Alerts are derived from cross-node analysis of all collected reports. Each alert has a severity level and identifies the affected subsystem and node.

Alert Severities

Severity Examples
critical SSH collection failed (node unreachable), no RQLite leader, split brain, RQLite unresponsive, WireGuard interface down, WG peer never handshaked, OOM kills, service failed, UFW inactive
warning Strong read failed, memory > 90%, disk > 85%, stale WG handshake (> 3min), Raft term inconsistency, applied index lag > 100, restart loop detected, TLS cert < 14 days, DNS down, namespace gateway down, Anyone not bootstrapped, clock skew > 5s, binary version mismatch, internet unreachable, high TCP retransmission
info Zombie processes, orphan orama processes, swap usage > 30%

Cross-Node Checks

These checks compare data across all nodes:

  • RQLite Leader: Exactly one leader exists (no split brain)
  • Leader Agreement: All nodes agree on the same leader address
  • Raft Term Consistency: Term values within 1 of each other
  • Applied Index Lag: Followers within 100 entries of the leader
  • WireGuard Peer Symmetry: Each node has N-1 peers
  • Clock Skew: Node clocks within 5 seconds of each other
  • Binary Version: All nodes running the same version

Per-Node Checks

  • RQLite: Responsive, ready, strong read
  • WireGuard: Interface up, handshake freshness
  • System: Memory, disk, load, OOM kills, swap
  • Services: Systemd state, restart loops
  • DNS: CoreDNS/Caddy up, TLS cert expiry, SOA resolution
  • Anyone: Bootstrap progress
  • Processes: Zombies, orphans, panics in logs
  • Namespaces: Gateway and RQLite per namespace
  • Network: UFW, internet reachability, TCP retransmission

Monitor vs Inspector

Both tools check cluster health, but they serve different purposes:

orama monitor orama inspect
Data source orama node report --json (single SSH call per node) 15+ SSH commands per node per subsystem
Speed ~3-5s for full cluster ~4-10s for full cluster
Output TUI, tables, JSON Tables, JSON
Focus Real-time monitoring, alert detection Deep diagnostic checks with pass/fail/warn
AI support report subcommand for LLM input --ai flag for inline analysis
Use case "Is anything wrong right now?" "What exactly is wrong and why?"
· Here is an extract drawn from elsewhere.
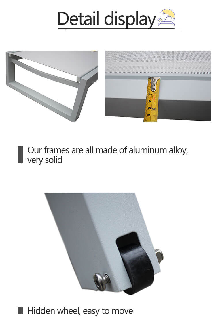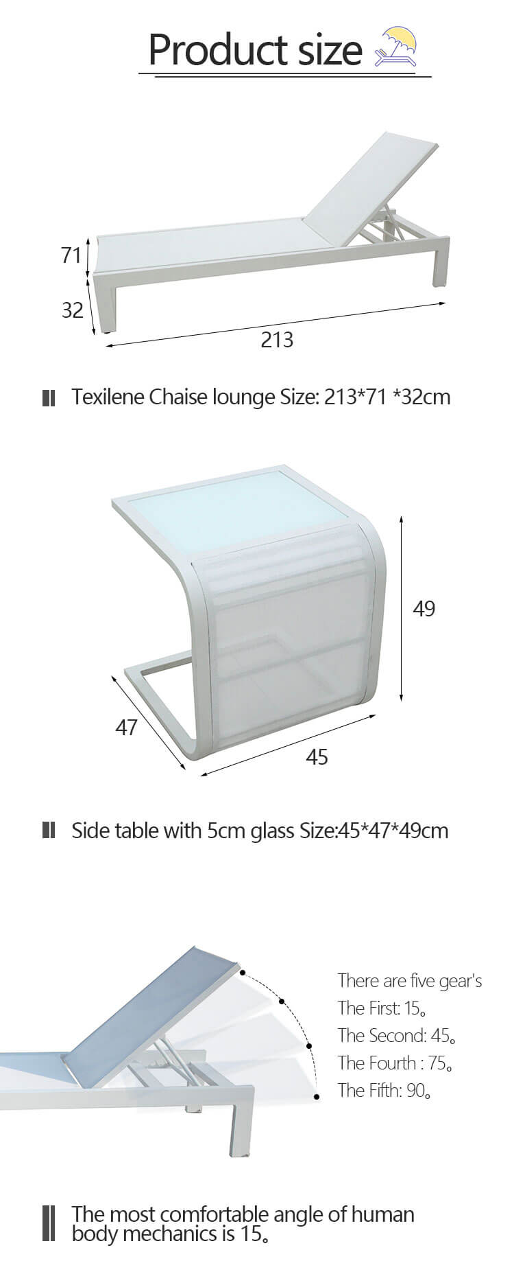 चेज़ लाउंज अतिरिक्त आराम और विश्राम के लिए नरम गद्देदार कुशन के साथ आता है। विशाल और गहरी सीट इस झुकनेवाला पर पूरी तरह से लेटने के लिए सबसे अधिक ऊंचाई वाले लोगों को फिट होती है। आपके लिए चुनने के लिए चेज़ कुर्सी का पिछला हिस्सा समायोज्य है, आप आसानी से सही कोण पर समायोजित कर सकते हैं जो अनुमति देता है आप बैठ सकते हैं, पीछे झुक सकते हैं या पूरी तरह से लेट सकते हैं। आउटडोर सन लाउंज चेयर को कलात्मक शैली के साथ डिज़ाइन किया गया है, यह आपके बाहरी स्थान के लिए एक आकर्षक जोड़ होगा।

Use monitor for day-to-day health checks and the interactive TUI. Use inspect for deep diagnostics when something is already known to be broken.

Configuration

Uses the same scripts/remote-nodes.conf as the inspector. See INSPECTOR.md for format details.

Prerequisites

Nodes must have the orama CLI installed (via orama node install or upload-source.sh). The monitor runs sudo orama node report --json over SSH, so the binary must be at /usr/local/bin/orama on each node.